Sort: Sort the input documents and output them.
$geoNear: Outputs ordered documents close to a geographic location.

Pipeline operator example

1. $project instance

  { $project : {
    title : 1 ,
    author : 1 ,

In this way, there are only three fields in the result: id, tile and author. By default, the _id field is included. If you want to exclude _id, you can do this:

  { $project : {
    _id : 0 ,
    title : 1 ,
    author : 1

2. $match instance

db.articles.aggregate( [
            { $match : { score : { $gt : 70, $lte : 90 } } },
            { $group: { _id: null, count: { $sum: 1 } } }
            ] );

The $match is used to get records with scores greater than 70, less than or equal to 90, and then send qualified records to the next stage of the $group pipeline operator for processing.

3. $skip example

  { $skip : 5 });

After processing with the $skip pipeline operator, the first five documents are “filtered out”.
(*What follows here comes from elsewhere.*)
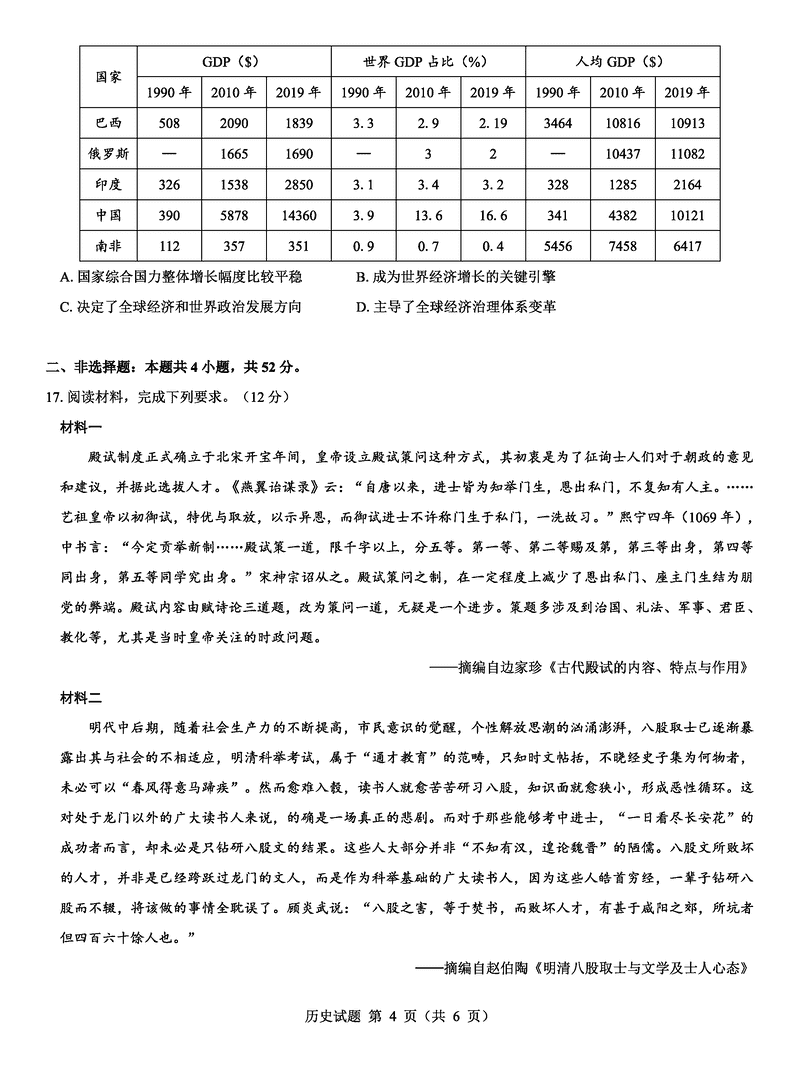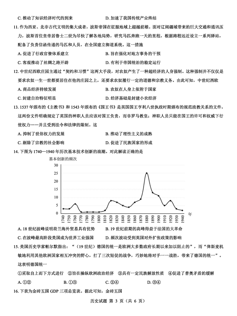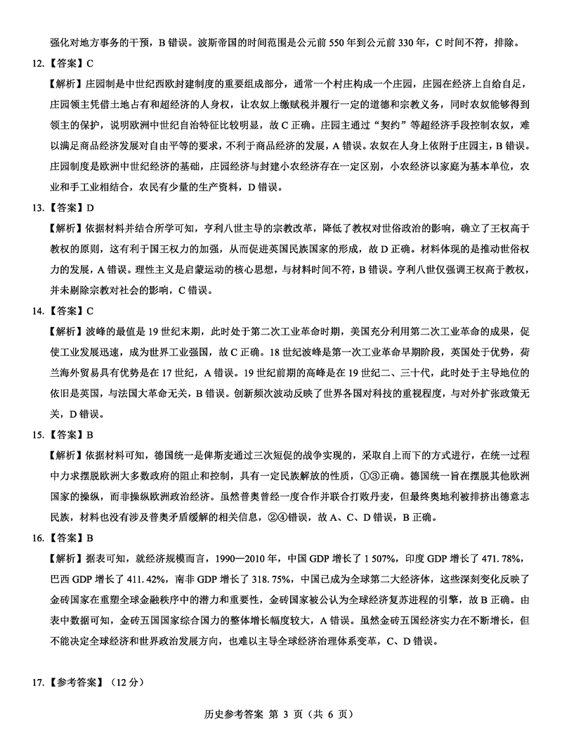 西北名校教研联盟2025届高三下学期2月联考历史试题及答案

Others have written I just described more, you can search for more than the same N, I write my summary.

Basic knowledge

Please find more for yourself. Here are the key documents.

Operator introduction:

$project: Contains, excludes, renames, and displays fields
$match: Query with the same parameters as find ()
$limit: Limit the number of results
Skp: Number of results ignored
Sort: Sort the results by a given field
$group: Combine results according to a given expression
Unwind: Divide the embedded array into its own top-level file

Document: MongoDB official aggregate description.

Relevant uses:


Array is any one or more operators.
The use of group and match, using SQL server, group use is well understood, according to the designated column grouping statistics, you can count the number of grouping, but also the sum or average value of grouping.
The matching before group is to query the source data, and the matching after group is to filter the data after group.

Similarly, sort, skip and limit are the same principles.
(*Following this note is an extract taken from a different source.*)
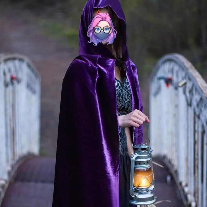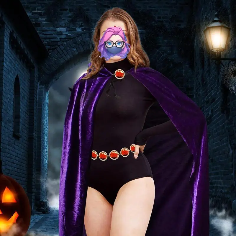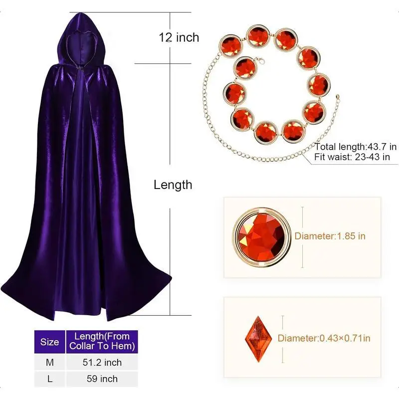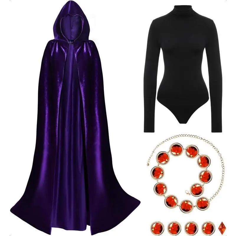 Women's Halloween Cosplay Costume Purple Hooded Cloak Cape Long Sleeve Bodysuits with Adjustable Red Gem Waist Belt

The following are examples:
Application 1: Statistics the number and total number of names;


Application 2: Statistical status = 1 name number;


Application 3: Statistics the number of names, and the number is less than 2;


Application 4: Statistical stauts = 1 name number, and the number is 1;


Multi-column group, based on name and status


The $project operator is simple.


As a result, only table data in the three fields of _id, name and status corresponds to the SQL expression select_id, name, status from collection.
This operator can split an array of documents into multiple documents, which is useful under special conditions. I haven’t done much research yet.
The above can basically achieve most of the statistics, the pre-group conditions, post-group conditions, is the focus.